Special Note Concerning Forward-Looking Statements

This document may contain, forward-looking statements within the meaning of the Private Securities Litigation Reform Act of 1995 with respect to the financial condition, results of operations, plans, objectives, future performance and business of the Company. Forward-looking statements, which may be based upon beliefs, expectations and assumptions of the Company's management and on information currently available to management, are generally identifiable by the use of words such as "believe," "expect," "anticipate," "plan," "intend," "estimate," "may," "will," "would," "could," "should" or other similar expressions. Additionally, all statements in this document, including forward-looking statements, speak only as of the date they are made, and the Company undertakes no obligation to update any statement in light of new information or future events.

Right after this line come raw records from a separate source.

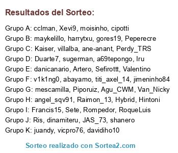 Lista de participantes: Sete, Van_Nicky, titi_axel_14, Perdy_TRS, Raimon_13, moisinho, danicanario, dinamiteru, cclman, Duarte7, Ris, Artero, Francis15, juandy, JAS_73, maykelillo, gores19, Xevi9, RoqueLuis, villalba, Hintoni, Piporuiz, Kaiser, Rompedor, harrytxu, Valentino, Hybrid, davidiho10, Agu_CWM, mescamilla, angel_sqv91, a69tepongo, cipotti, Iru, shanero, ane-anant, Peperecre, Sefirottt, v1k1ng0, sugerman, abayamo, jimeninho84, vicpro76.
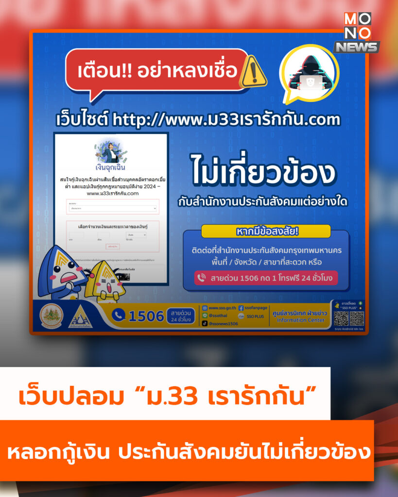 สำนักงานประกันสังคม ออกโรงเตือนประชาชนเกี่ยวกับ เว็บไซต์ปลอมที่แอบอ้างชื่อโครงการ “ม.33 เรารักกัน” หลอกให้ผู้ประกันตนกู้เงินฉุกเฉิน ยืนยันไม่มีส่วนเกี่ยวข้อง และโครงการดังกล่าวสิ้นสุดไปตั้งแต่ปี 2565
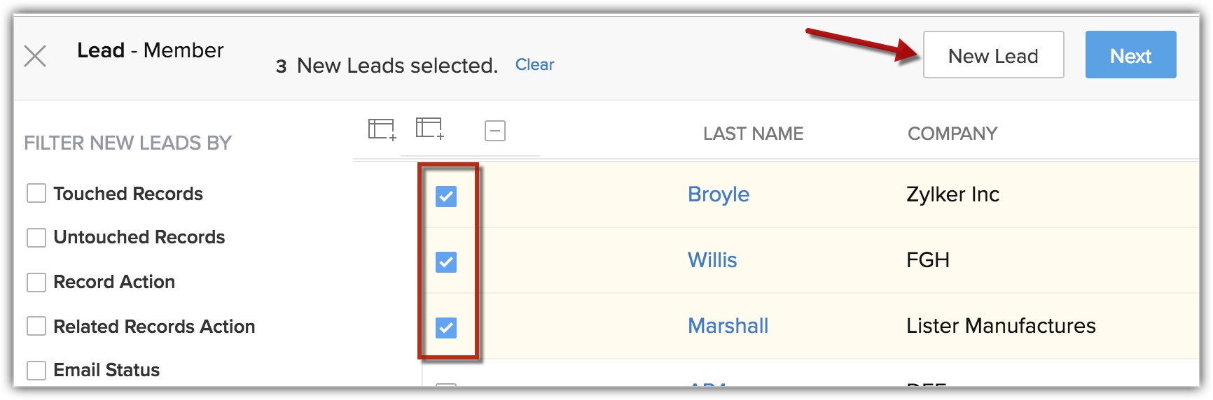 - Selezionare il Lead/Contatto dall'elenco e fare clic su Avanti.
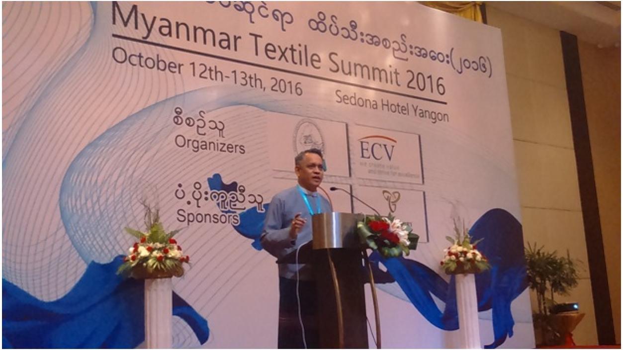 U Aung Naing Oo, Secretary of Myanmar Investment Commission and Director General of Directorate of Investment and Company Administration attended “Myanmar Textile Summit 2016” which was jointly organized by Myanmar Garment Manufacturers Association and ECV International Co., Ltd at Sedona Hotel, Yangon, 12th October 2016. At the summit, Director General gave the presentation for the topic of “New Myanmar Investment Law & Garment Industry in Myanmar”. After the presentation, local and international investors from Textile Industry cordially asked the questions for investment matters in Myanmar and Director General replied in details.

A number of factors, many of which are beyond the ability of the Company to control or predict, could cause actual results to differ materially from those in its forward-looking statements. These factors include, among others, the following: (i) the strength of the local and national economy; (ii) the economic impact of any future terrorist threats or attacks; (iii) changes in state and federal laws, regulations and governmental policies concerning the Company's general business; (iv) changes in interest rates and prepayment rates of the Company's assets; (v) increased competition in the financial services sector and the inability to attract new customers; (vi) changes in technology and the ability to develop and maintain secure and reliable electronic systems; (vii) the loss of key executives or employees; (viii) changes in consumer spending; (ix) unexpected results of acquisitions; (x) unexpected outcomes of existing or new litigation involving the Company; and (xi) changes in accounting policies and practices. These risks and uncertainties should be considered in evaluating forward-looking statements and undue reliance should not be placed on such statements. Additional information concerning the Company and its business, including additional factors that could materially affect the Company's financial results, is included in the Company's filings with the Securities and Exchange Commission.